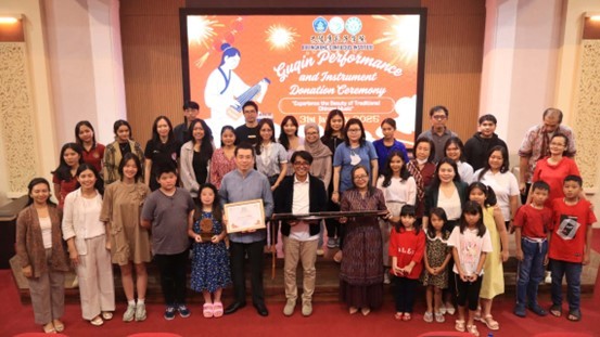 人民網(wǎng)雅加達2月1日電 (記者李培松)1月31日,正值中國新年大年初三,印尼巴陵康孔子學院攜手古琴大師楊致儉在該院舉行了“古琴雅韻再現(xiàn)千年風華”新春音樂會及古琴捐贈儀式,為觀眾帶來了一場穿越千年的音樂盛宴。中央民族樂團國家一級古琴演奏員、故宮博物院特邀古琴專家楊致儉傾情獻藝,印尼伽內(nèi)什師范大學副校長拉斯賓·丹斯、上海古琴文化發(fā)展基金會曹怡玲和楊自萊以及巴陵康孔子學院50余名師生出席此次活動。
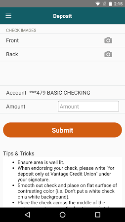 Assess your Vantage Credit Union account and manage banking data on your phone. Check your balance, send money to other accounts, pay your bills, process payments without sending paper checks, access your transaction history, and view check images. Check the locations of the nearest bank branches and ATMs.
...
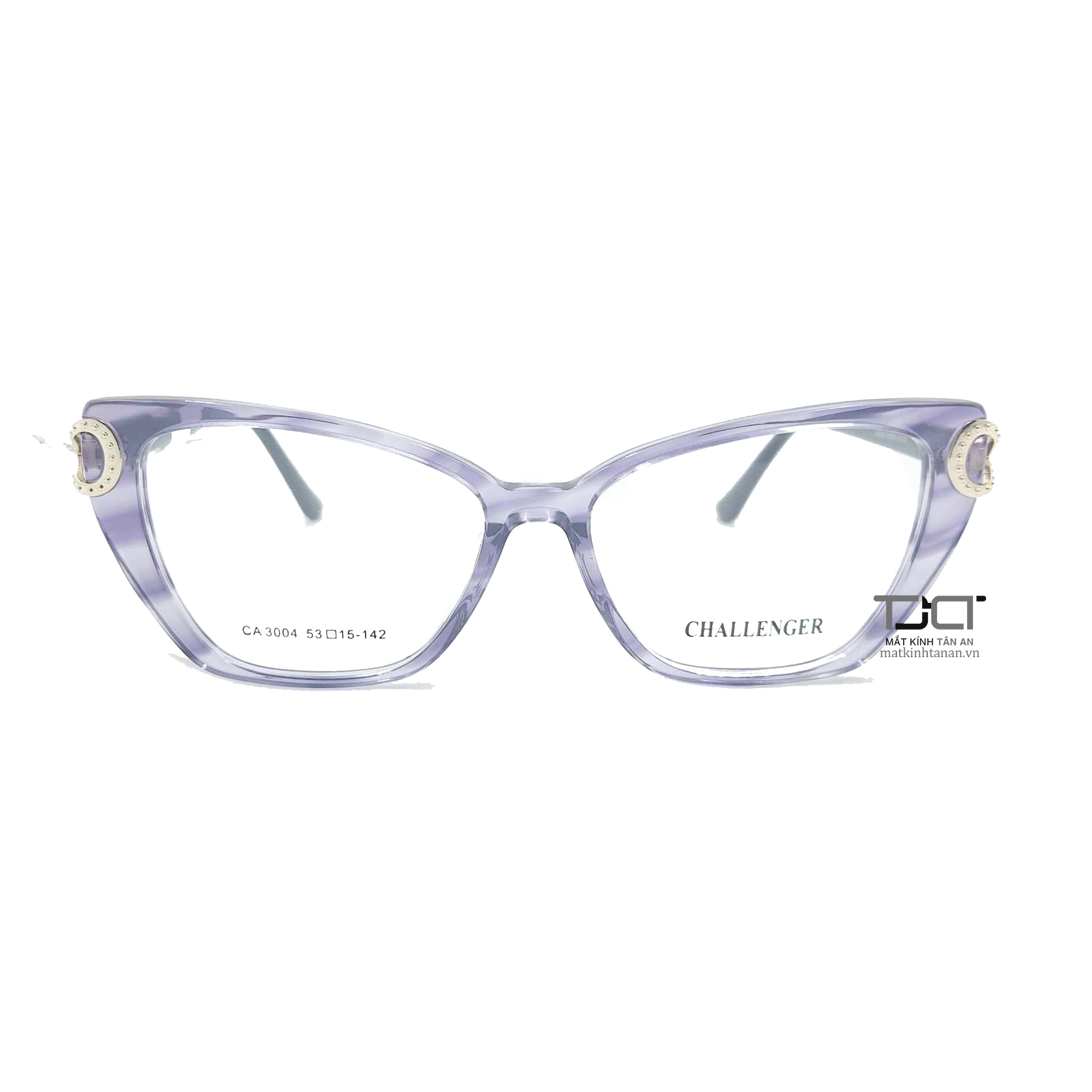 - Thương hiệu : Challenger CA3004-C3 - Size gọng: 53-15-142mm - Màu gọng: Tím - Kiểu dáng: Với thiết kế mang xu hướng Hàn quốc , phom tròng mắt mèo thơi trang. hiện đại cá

**Exercise goal**
Your copy should hold the lines from the one with "人民網(wǎng)雅加達2月" up to and including the one with "Assess your Vantage", exactly as in the data above, and no pictures.

**Finished exercise**
 人民網(wǎng)雅加達2月1日電 (記者李培松)1月31日,正值中國新年大年初三,印尼巴陵康孔子學院攜手古琴大師楊致儉在該院舉行了“古琴雅韻再現(xiàn)千年風華”新春音樂會及古琴捐贈儀式,為觀眾帶來了一場穿越千年的音樂盛宴。中央民族樂團國家一級古琴演奏員、故宮博物院特邀古琴專家楊致儉傾情獻藝,印尼伽內(nèi)什師范大學副校長拉斯賓·丹斯、上海古琴文化發(fā)展基金會曹怡玲和楊自萊以及巴陵康孔子學院50余名師生出席此次活動。
 Assess your Vantage Credit Union account and manage banking data on your phone. Check your balance, send money to other accounts, pay your bills, process payments without sending paper checks, access your transaction history, and view check images. Check the locations of the nearest bank branches and ATMs.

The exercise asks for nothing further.